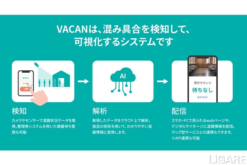 具体的には、サイネージや専用Webページを活用し、タクシードライバーが同エリアのリアルタイムの空き状況を簡単に確認できるようにすることで、無駄のない効率的な配車オペレーションの実現を目指す。混雑状況の検知・配信は、リアルタイム空き情報配信プラットフォーム「VACAN(バカン)」を活用する。
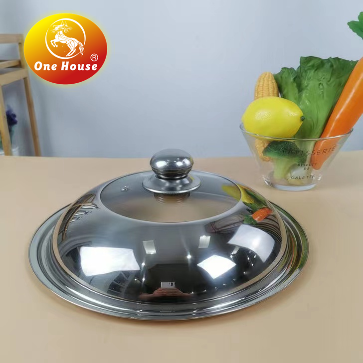 不锈钢锅盖钢化玻璃透明组合盖厨房大炒锅炒菜大锅盖可视
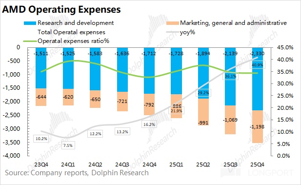 AMD 在 2025 年第四季度的经营费用为 35.3 亿美元,同比增长 41%。其中研发费用和销售及管理费用都有不同幅度的增加。
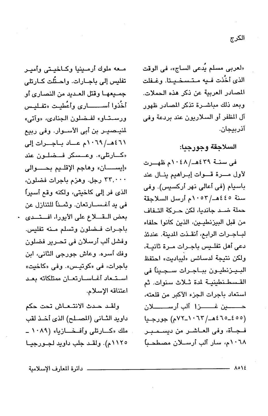 فى سنة 439 هـ/ 1048 م ظهرت لأول مرة قوات إبراهيم ينال عند باسيام (فى أعالى نهر أركسيس). وفى سنة 445 هـ/ 1053 م أرسل السلاجقة حملة ضد جانديا، لكن حركة التفاف من قبل البيزنطيين، الذين كانوا حلفاء لباجرات الرابع، أنقذت المدينة. عندئذ دعى أهل تفليس باجرات مرة ثانية، ولكن نتيجة لدسائس "ليباديت" احتفظ البيزنطيون بباجرات سجينًا فى القسطنطينية لمدة ثلاث سنوات. ثم استعاد باجرات الجزء الأكبر من قلعته، حين غزا ألب أرسلان (455 - 465/ 1063 - 72 م) جورجيا فجأة، وفى العاشر من ديسمبر 1068 م، سار ألب أرسلان مصطحبًا معه ملوك أرمينيا وكاخيتى وأمير تفليس إلى باجارات. واحتُلت كارتلى جميعها وقتل العديد من النصارى أو أُخِذوا أسارى وأعطيت "تفليس ورستاو" لفضلون الجنادى، "وآتى" لمنيصير بن أبى الأسوار. وفى ربيع 461 هـ/ 1069 م عاد باجرات إلى "كارتلى". وعسكر فضلون عند "إيسان" وهاجم الإقليم بحوالى 33000 رجل. وهزم باجرات فضلون، الذى فر إلى كاخيتى، ولكنه وقع أسيرًا فى يد أغسارتعان. وثمنا للتنازل عن بعض القلاع على الأيورا، افتدى باجرات فضلون وتسلم منه تفليس. وفشل ألب أرسلان فى تحرير فضلون وفك أسره. وعاش جورجى الثانى، ابن باجرات، فى "كوتيس". وفى "كاخيت" استعاد أغاسارتعان ممتلكاته بعد اعتناقه الإسلام.
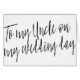 Un estilo moderno, de moda y caligrafía de bonito "A mi tío en el día de mi boda", perfecto para regalarle en su día de bodas.

EXERCISE — An exact copy of every entry, without pictures, should be your output.

ANSWER SPACE —
 具体的には、サイネージや専用Webページを活用し、タクシードライバーが同エリアのリアルタイムの空き状況を簡単に確認できるようにすることで、無駄のない効率的な配車オペレーションの実現を目指す。混雑状況の検知・配信は、リアルタイム空き情報配信プラットフォーム「VACAN(バカン)」を活用する。
 不锈钢锅盖钢化玻璃透明组合盖厨房大炒锅炒菜大锅盖可视
 AMD 在 2025 年第四季度的经营费用为 35.3 亿美元,同比增长 41%。其中研发费用和销售及管理费用都有不同幅度的增加。
 فى سنة 439 هـ/ 1048 م ظهرت لأول مرة قوات إبراهيم ينال عند باسيام (فى أعالى نهر أركسيس). وفى سنة 445 هـ/ 1053 م أرسل السلاجقة حملة ضد جانديا، لكن حركة التفاف من قبل البيزنطيين، الذين كانوا حلفاء لباجرات الرابع، أنقذت المدينة. عندئذ دعى أهل تفليس باجرات مرة ثانية، ولكن نتيجة لدسائس "ليباديت" احتفظ البيزنطيون بباجرات سجينًا فى القسطنطينية لمدة ثلاث سنوات. ثم استعاد باجرات الجزء الأكبر من قلعته، حين غزا ألب أرسلان (455 - 465/ 1063 - 72 م) جورجيا فجأة، وفى العاشر من ديسمبر 1068 م، سار ألب أرسلان مصطحبًا معه ملوك أرمينيا وكاخيتى وأمير تفليس إلى باجارات. واحتُلت كارتلى جميعها وقتل العديد من النصارى أو أُخِذوا أسارى وأعطيت "تفليس ورستاو" لفضلون الجنادى، "وآتى" لمنيصير بن أبى الأسوار. وفى ربيع 461 هـ/ 1069 م عاد باجرات إلى "كارتلى". وعسكر فضلون عند "إيسان" وهاجم الإقليم بحوالى 33000 رجل. وهزم باجرات فضلون، الذى فر إلى كاخيتى، ولكنه وقع أسيرًا فى يد أغسارتعان. وثمنا للتنازل عن بعض القلاع على الأيورا، افتدى باجرات فضلون وتسلم منه تفليس. وفشل ألب أرسلان فى تحرير فضلون وفك أسره. وعاش جورجى الثانى، ابن باجرات، فى "كوتيس". وفى "كاخيت" استعاد أغاسارتعان ممتلكاته بعد اعتناقه الإسلام.
 Un estilo moderno, de moda y caligrafía de bonito "A mi tío en el día de mi boda", perfecto para regalarle en su día de bodas.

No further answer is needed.